How's my Luck now?

Reflections, views and descriptions during my stay at IIM Lucknow from July 2004 to March 2006

Location: India

Sunday, October 30, 2005

'Competition in Markets'

This was the topic on which a talk was delivered by Mr. Amitabh Kumar, Director-General of the Competition Commission of India. This talk was as part of the event called IBLC organized by the Innovision committee. Following Mr. Pradip Baijal's talk some time ago, this was the second government regulator/monitoring authority we were getting to interact with in a short time. And this interaction was also as good as the first one.

For the students of the strategy course called ATSC, this was actually like a guest lecture for the course. Mr. Kumar opened wittily by saying that he was going to prepare a speech for this occasion, but keeping in mind the teaching methods in B-schools, he had decided to make a
PowerPoint presentation. And the presentation was beautifully structured, each slide to the point and maintaining flow.

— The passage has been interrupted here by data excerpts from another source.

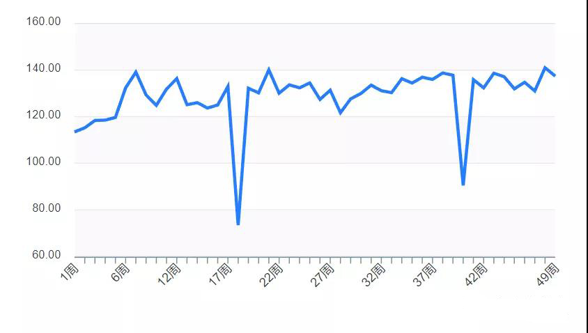 最近一周兔產(chǎn)業(yè)表現(xiàn)為137.74,與上周相比下降2.51%
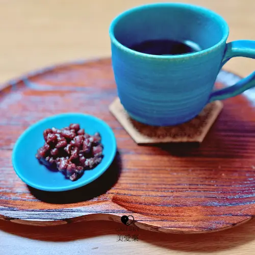 器は、沖縄の作家もの。ターコイズブルーに心が癒されます
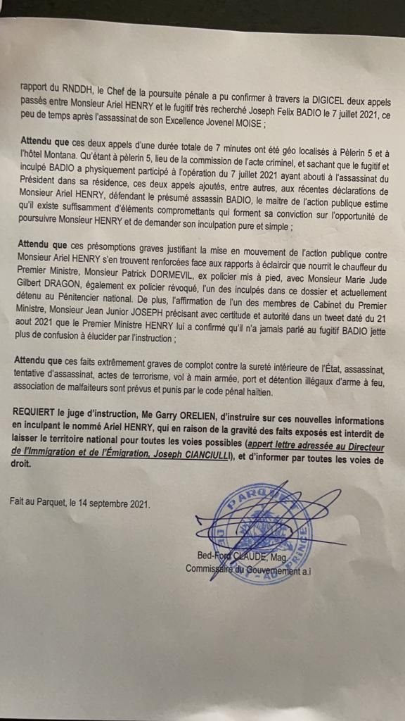 Jij koupyon Voltaire pral fĂš disparĂšt 80% sak te nan rapĂČ 900 paj ankĂšt direksyon santral polis jidisyĂš (DCPJ). Lap fĂš disparĂšt toub korespondans ant RĂ©ginald Boulos e pastĂš Christian Emmanuel Sanon. Jij koupyon Voltaire pral fĂš disparĂšt manda ilĂ©gal la, rekizitwa sipletif denfome ki montrĂ© wĂČl Ariel Henry nan touye Prezidan Jovenel MoĂŻse. Asasen yo fĂš plizyĂš lĂČt dosyĂ© klĂ© disparĂšt. Men kopi rekizitwa sipletif la âŹïž:
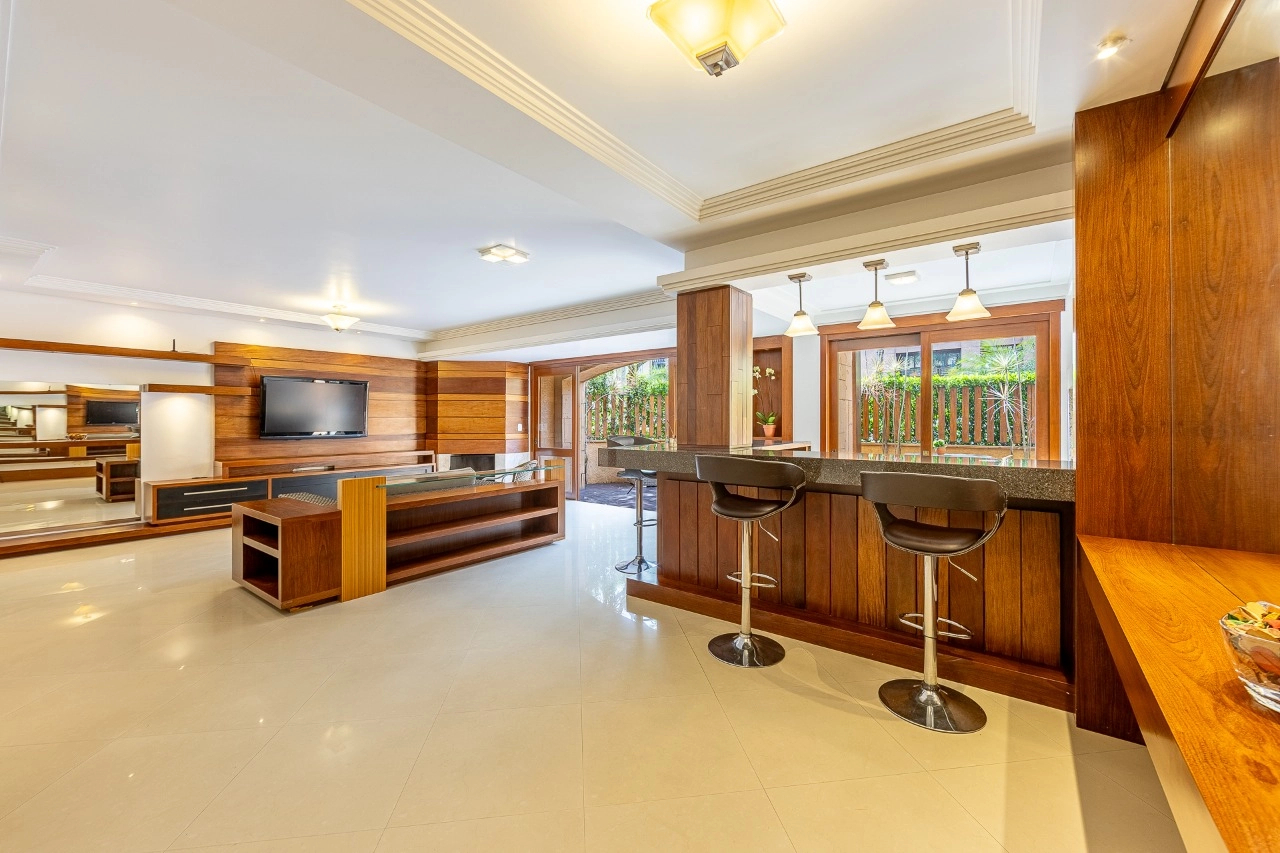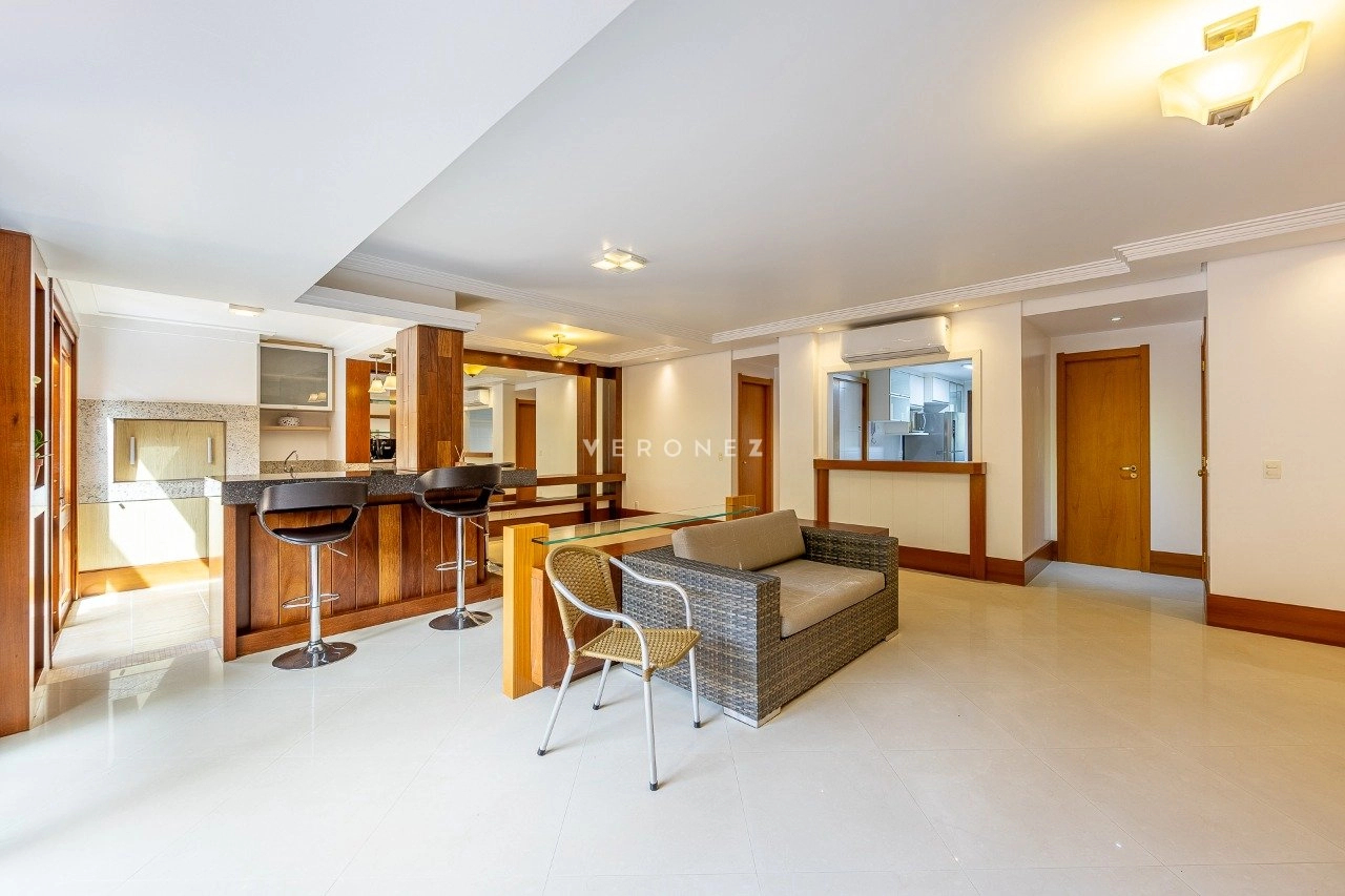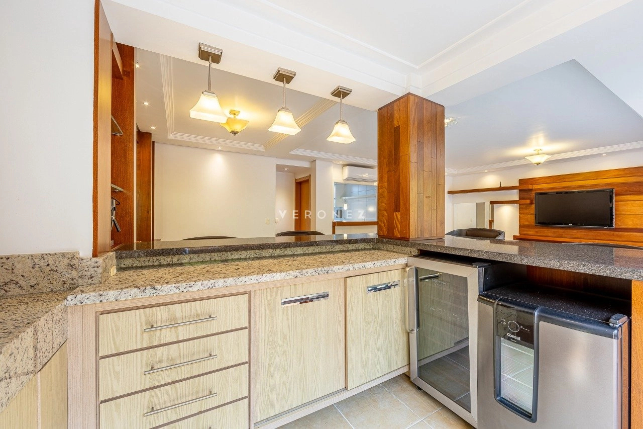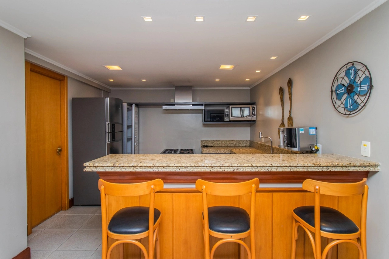 Apartamento Garden semi mobiliado de 190 m², 3 dormitórios, sendo 1 suíte plena e 2 americanas, living para 3 ambientes, lareira, lavabo, churrasqueira integrada ao living, cozinha americana, área de serviço separada, banheiro auxiliar e 2 vagas de garagem com depósito.
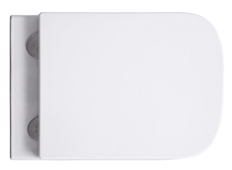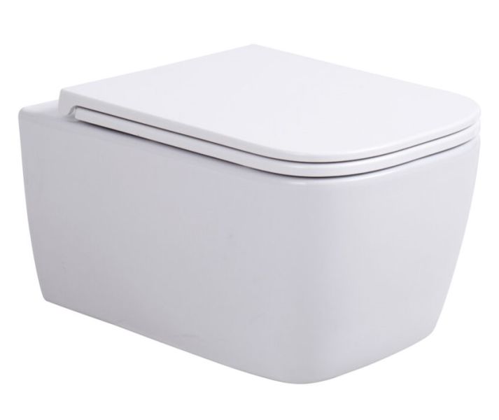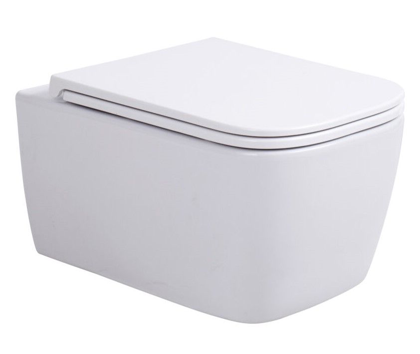 Подвесной безободковый унитаз с системой скрытого монтажа, крышкой-сидением из дюропласта с функцией soft-close и quick release.

The aspects covered included the things that competition regimes (including Acts and monitoring mechanisms) across the world normally monitored: prohibiting anti-competitive agreements; prohibiting abuse of dominant position; regulation of combinations ('merger control'); and advocating competition. Each aspect was defined and the considerations involved in determining whether a party or parties had undermined competition under each, was discussed. Some of these considerations were: defining 'market power' and the whether a party
had used it unfairly; defining 'dominant position' and its determinants; defining 'relevant market' for each case. Some details of the Indian Competition Act, 2002, were discussed. All of the above was discussed using several examples from around the world in a range of industries, from shipping and railroads to software to bananas. The questions posed by the audience were also answered more than adequately, with more examples.

Mr. Kumar is obviously very well read and has wonderful knowledge in his area of work (including minute details of famous cases and judgments involving competition-related issues). It is always a joy to listen to and interact with a person who knows his job very well. Two hours very well spent today.